• [What you will do] Would you transcribe the entries below, beginning at the line with "This long-sleeve midi" and ending after the line with "-Velador: Madera de", exactly, with no picture and nothing more?

• [Supplied data]

============

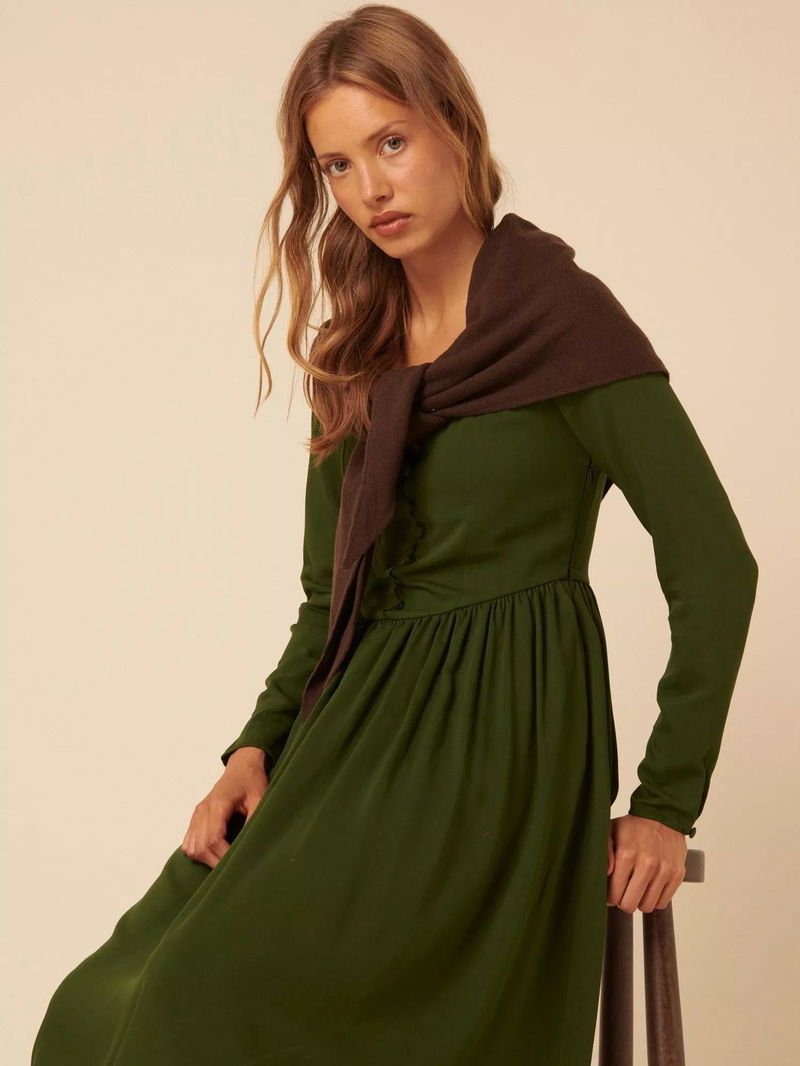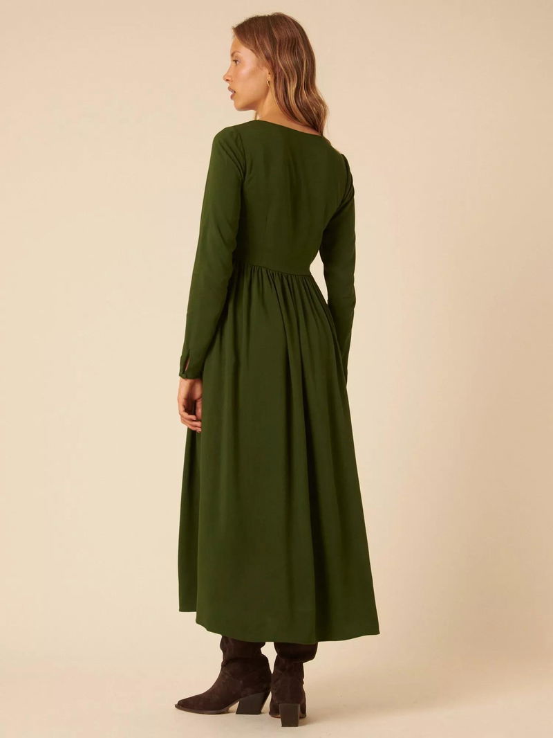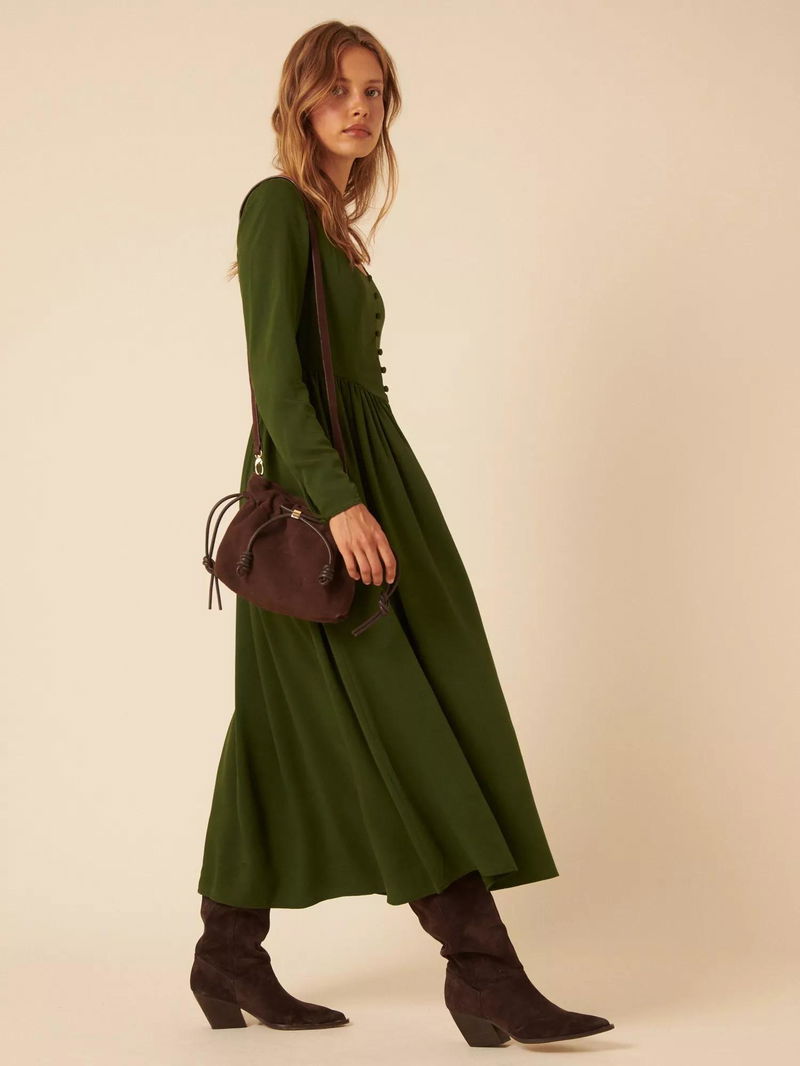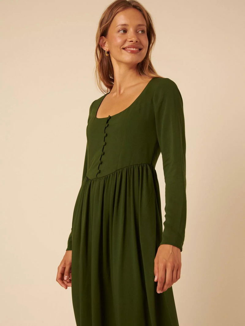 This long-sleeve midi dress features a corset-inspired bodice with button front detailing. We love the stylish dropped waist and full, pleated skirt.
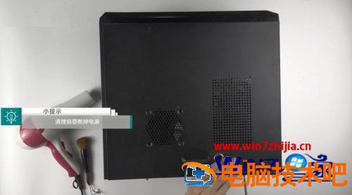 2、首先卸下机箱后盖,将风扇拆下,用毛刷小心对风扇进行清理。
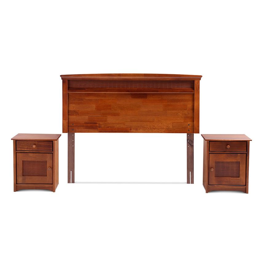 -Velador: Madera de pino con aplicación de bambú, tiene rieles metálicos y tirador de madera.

============

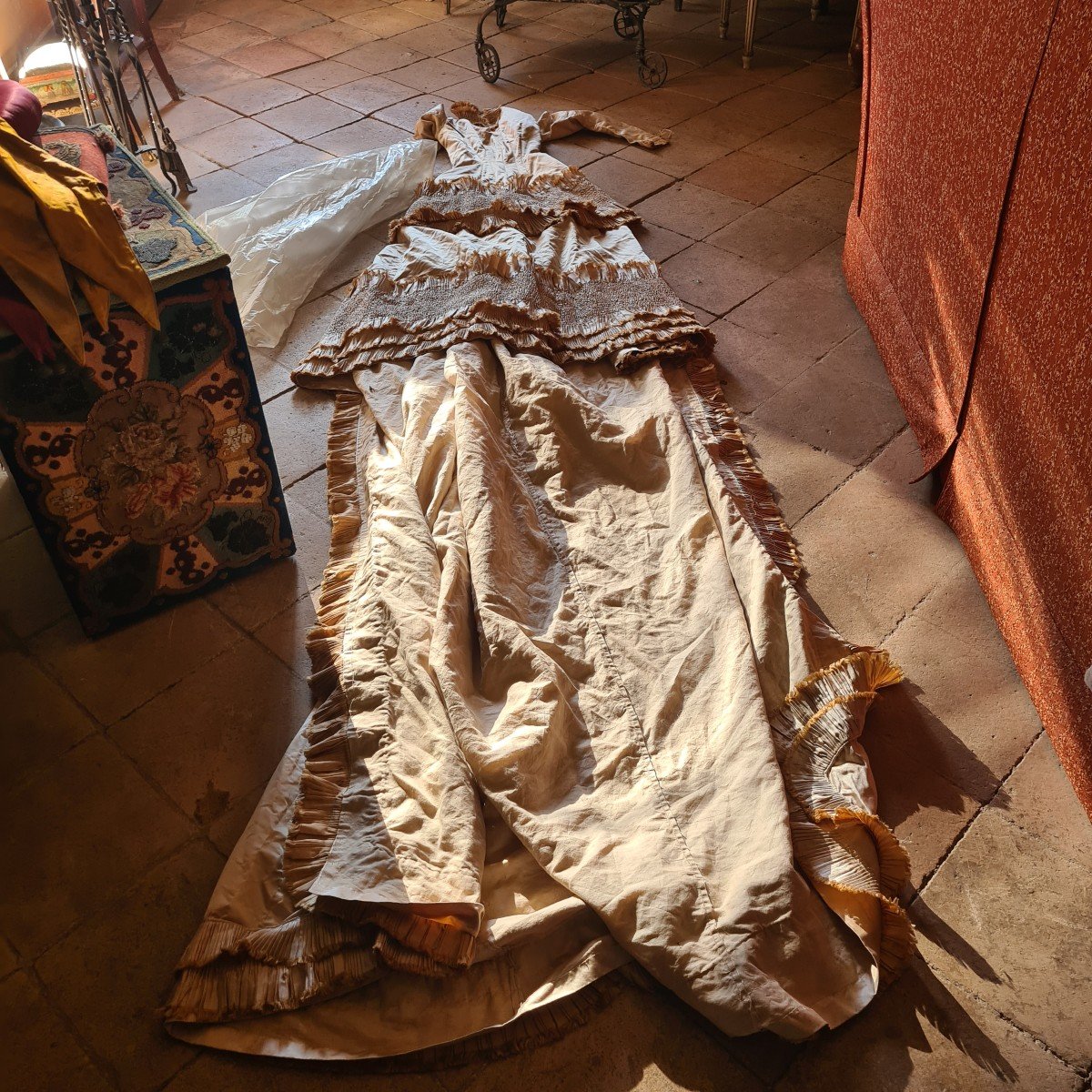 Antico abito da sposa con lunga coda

============

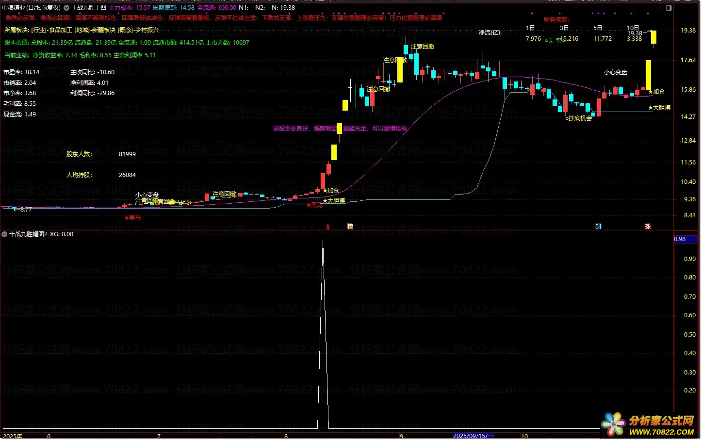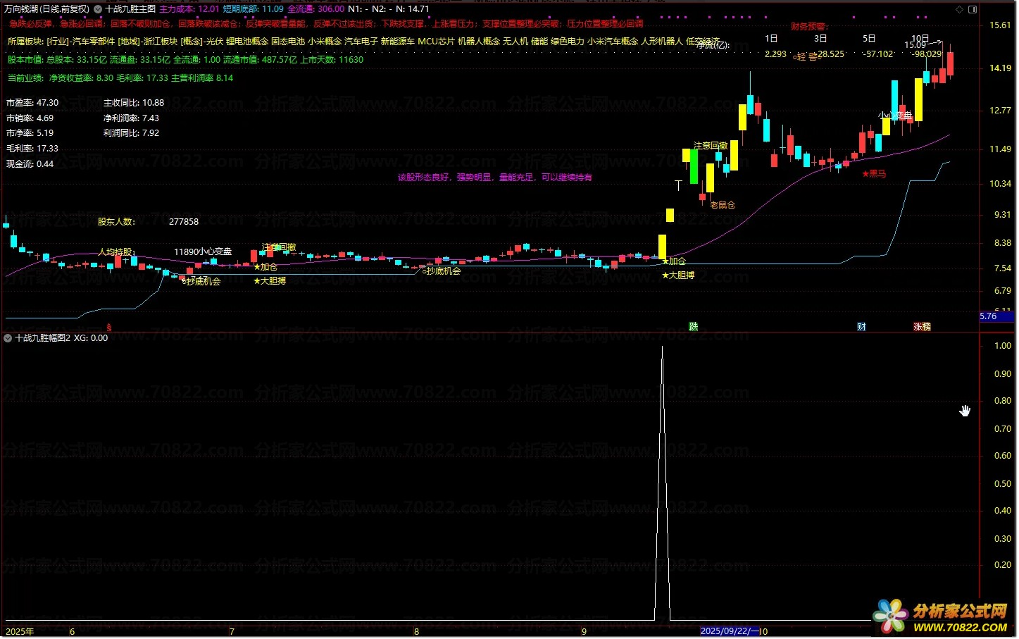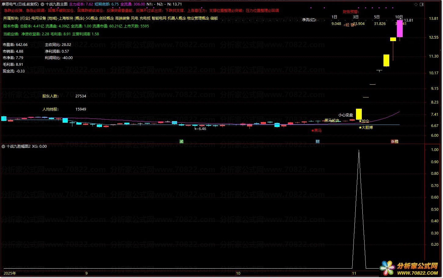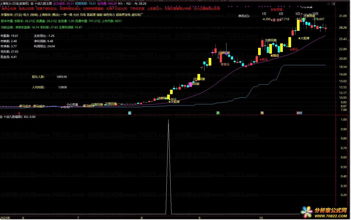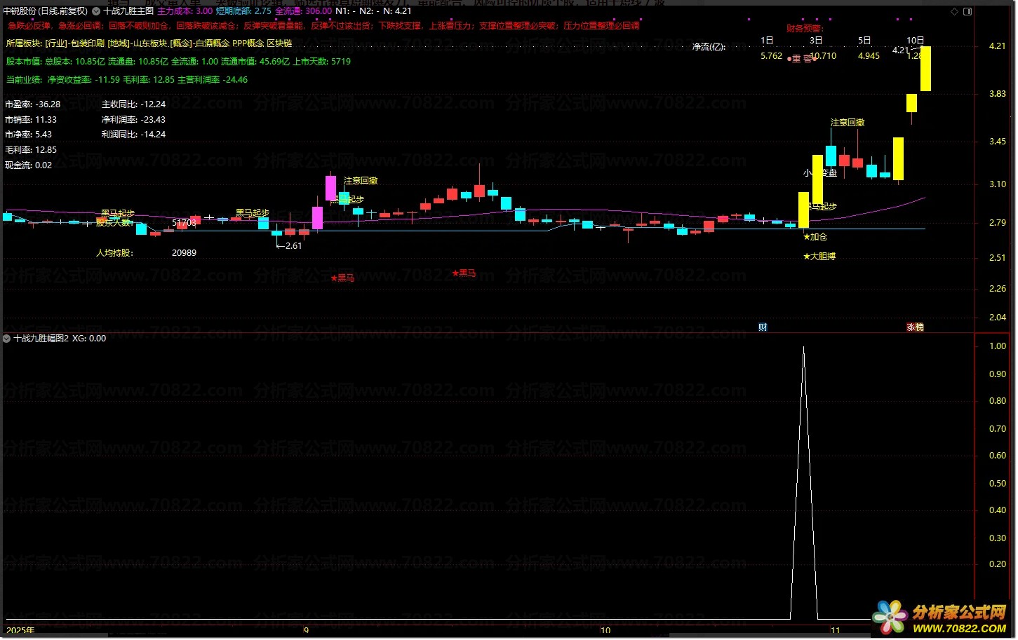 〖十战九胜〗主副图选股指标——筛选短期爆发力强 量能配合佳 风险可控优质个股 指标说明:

============

• [Solved exercise]
 This long-sleeve midi dress features a corset-inspired bodice with button front detailing. We love the stylish dropped waist and full, pleated skirt.
 2、首先卸下机箱后盖,将风扇拆下,用毛刷小心对风扇进行清理。
 -Velador: Madera de pino con aplicación de bambú, tiene rieles metálicos y tirador de madera.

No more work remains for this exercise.